C'est dans cette incertitude générale que les jeunes gens se retrouvèrent devant l'entrée du hangar. Le représentant avait déjà entreprit de lever le rideau en métal coulissant qui faisait office de portail au hangar. « Nous avons encore du temps devant nous. Allez y, entrez et prenez ce dont vous avez besoin. » Le représentant attendit que chacun rentre mais retenus les deniers. « Vous quatres, vous vous chargerez de prendre avec vous les sarcophages de secourisme. » Sans attendre de réponse de leur part il partit en direction de l’océan et s'assit dans le sable. Dans le hangar, on s'affairait à trouver une façon de transporter les équipements de plongées en même temps que les sacs à dos. Ce n'étais pas le masque ni les palmes qui posaient problème, mais les recycleurs d’oxygène dont le poids hors de l'eau étais abominable. Mais ce poids se faisais d'autant plus sentir, car il représentait aussi celui de l'outil qui allait changer leurs vies à tous et la diriger vers un avenir tant bien nébuleux que mystérieux. Finalement quelqu'un eu pour idée de les placer dans les sarcophages, ce qui eu l'air de plaire à tout le monde à l’exception de ceux qui étaient destiné à le porter. Au final, il fut aussi décidé que tout le monde se relaierait pour porter chacun son tour une part du fardeau, et le problème se retrouva résolu.

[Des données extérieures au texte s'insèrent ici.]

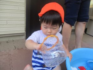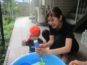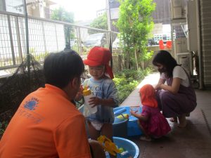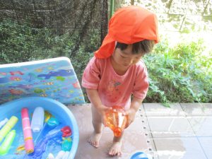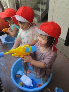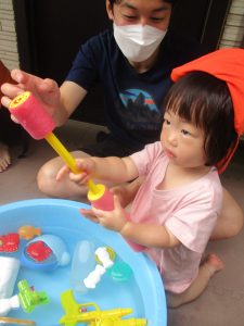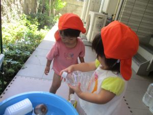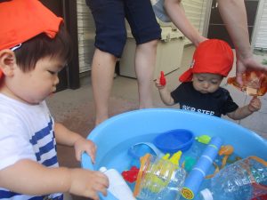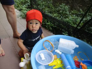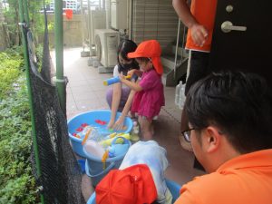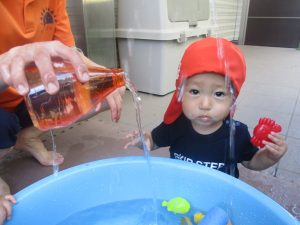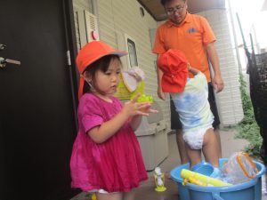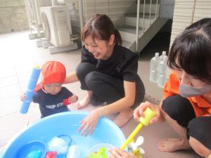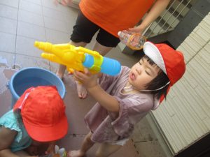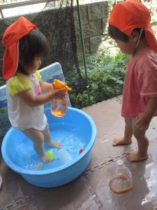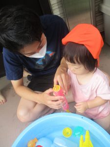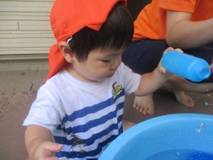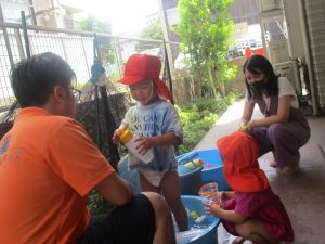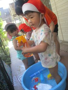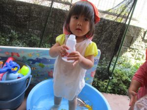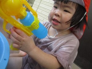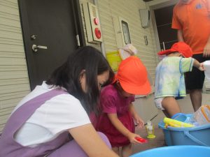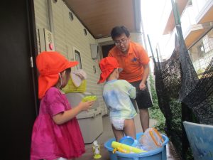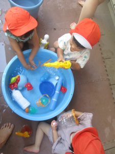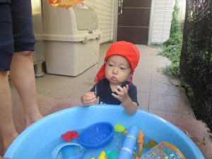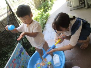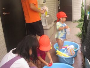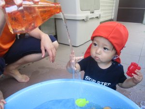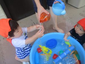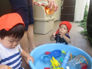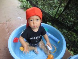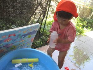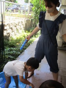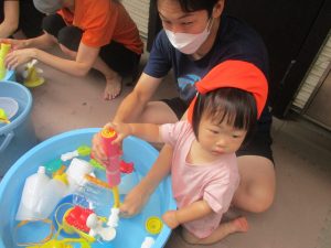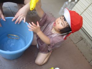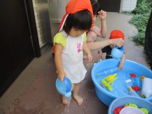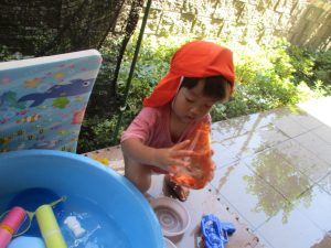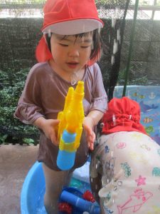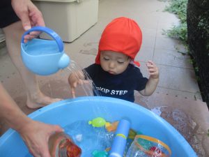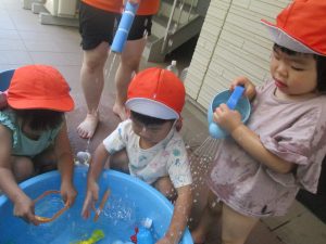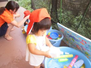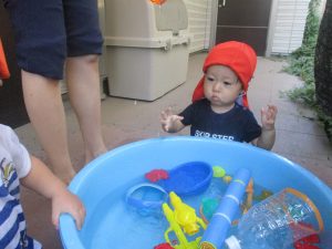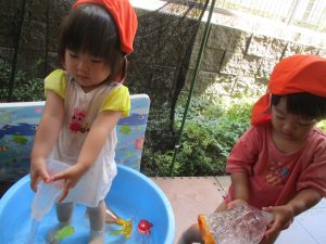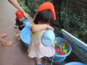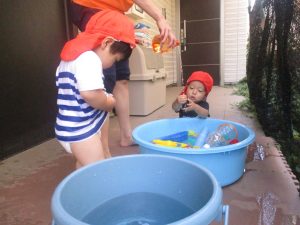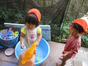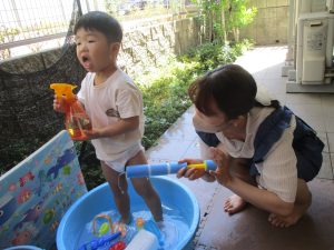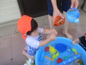 日中は水遊びを行ったり室内ではままごと遊びを楽しみました。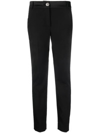 Cady high-waist trousers Highlights - Black - Stretch-design - Satin trim - Decorative button detailing - Pressed crease - Button fly fastening - Straight leg - Two diagonal pockets to the sides - Two rear welt pockets Made in Italy Composition Outer: Polyester 89%, Spandex/Elastane 11% Lining: Polyester 100% Washing instructions Dry Clean Only

Peu de temps plus tard on referma le portail du hangar et le groupe vint alors se rassembler solennellement en arc de cercle autour du représentant dont le regard était toujours perdu en direction de l’océan. Lorsque celui qui avait clos la porte les rejoint, il se releva et se retourna pour faire face au jeunes recrues. Pendant quelques secondes on eu l'impression que son regard avait changé et ce fut comme si un faible sourire se dessinait sur sa bouche. Mais ce ne fus qu'un bref instant et il reprit son air froid en faisant lentement pivoter sa tête pour inspecter le groupe. Enfin sans rien dire il laissa échapper un soupir, comme pour dire "Allons- y…", et passa au travers du croisant de monde qui s’ouvrait sur son passage pour partir en direction du point de rendez-vous final.